Smoking Marijuana Doesn’t Lead to Changes in the Hippocampus, Study Finds

AMSTERDAM, THE NETHERLANDS — The regular use of cannabis by young people is not associated with hippocampal volume alterations, according to case-control longitudinal data published online ahead of print in the Journal of Psychopharmacology.

Investigators from the Netherlands and the United Kingdom conducted magnetic resonance imaging (MRI) scans at baseline and at follow up (average of 39-months post-baseline) in 20 habitual cannabis users and in 23 non-using controls.

Authors reported: “Compared to controls, cannabis users did not show hippocampal volume alterations at either baseline or follow-up. Hippocampal volumes increased over time in both cannabis users and controls, following similar trajectories of increase. Cannabis dose and age of onset of cannabis use did not affect hippocampal volumes.”

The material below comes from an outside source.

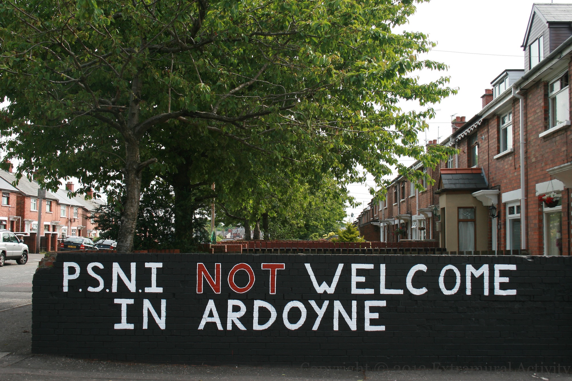 Painted signage at the north end of Berwick Road/Paráıd An Ardghleanna in Ardoyne/Ard Eoın (next to the Maıréad Farrell piece featured previously): “P.S.N.I. not welcome in Ardoyne”.

They concluded, “Continued heavy cannabis use did not affect hippocampal neuroanatomical changes in early adulthood. … These data suggest that cannabis users show the same developmental trends as normative samples and that heavy cannabis use in this group may not necessarily interfere with hippocampal changes in neuroanatomy in early adulthood.”

The findings are consistent with other recent studies, such as those here and here, finding that the use of alcohol but not cannabis is negatively associated with specific structural changes in the developing brain.

Full text of the study, “Longitudinal study of hippocampal volumes in heavy cannabis users,” appears in The Journal of Psychopharmacology.